Examples of such task groups:

  • Running an async function with a timeout
  • A race function that races two async functions and returns the result of the one that finishes first (see example below)

If you forget to call TaskGroup.cancelAll(), the outstanding child tasks will run to completion even though their result will be ignored. It’s very easy to forget because forgetting the call will not change the behavior of your program, only its performance, making the bug hard to find.

@s-k brought this up during the Structured Concurrency review: SE-0304 (3rd review): Structured Concurrency - #5 by s-k

Note that TaskGroup does cancel outstanding child tasks if it exits abnormally, i.e. by throwing.

Another example where the cancelAll() call is missing is actually in SE-0317 async let:

func race(left: () async -> Int, right: () async -> Int) async -> Int {
  await withTaskGroup(of: Int.self) { group in 
    group.async { left() }
    group.async { right() }

    return await group.next()! // !-safe, there is at-least one result to collect
  }
}

This function will always wait for both child tasks to run to completion, even though it only needs the result of the first one to the finish line.

That's the thing. The documentation on the cancellation behavior is somewhat misleading or incomplete. Even you just said, that the result of the child tasks will be ignored. Why though?

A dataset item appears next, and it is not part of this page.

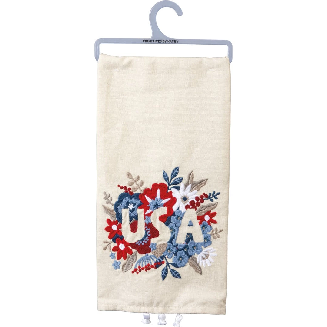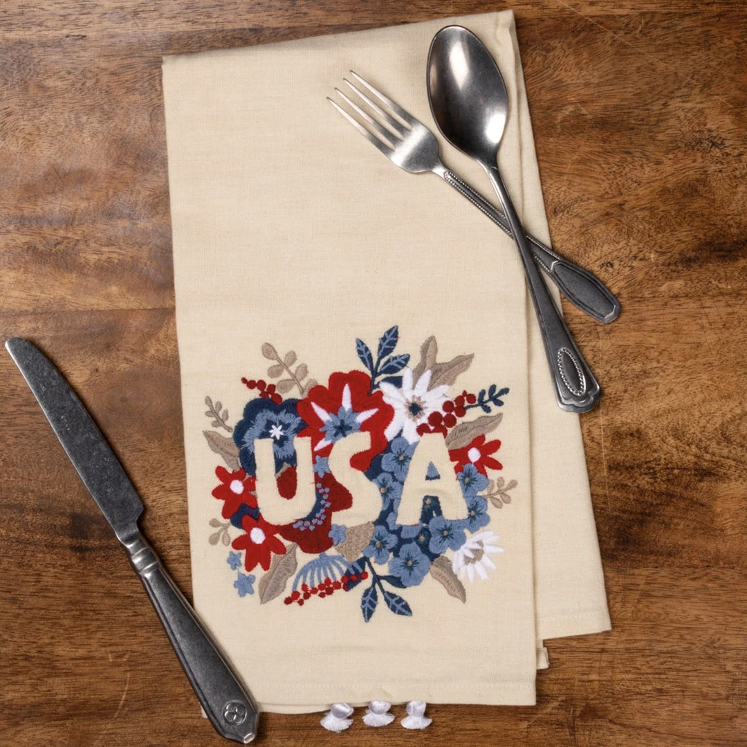 A cotton and linen kitchen towel featuring an embroidered “USA” sentiment, floral designs, and tassel trim details. Machine-washable.

If you cancel all the tasks, they don't have to throw, they can still complete normally and I expect their result to be passed through the async sequence iterator instead of next() to return nil.

If we look at other AsyncSequence types, it seems like they track if the parent task gets cancelled, then they stop emitting values and complete by returning nil or in other words the sequence also cancels itself.

TaskGroup seems to function different. If the parent task cancels, all sub-tasks will be notified to cancel, then they can still possibly return some kind of value and those values are still consumed through the async sequence the TaskGroup creates.

This is the exact behavior that I was personally looking for. I want to spawn some child tasks (with Void as their return type) and on cancellation of the parent task those child tasks should cancel and complete in any order before the withTaskGroup function itself resumes.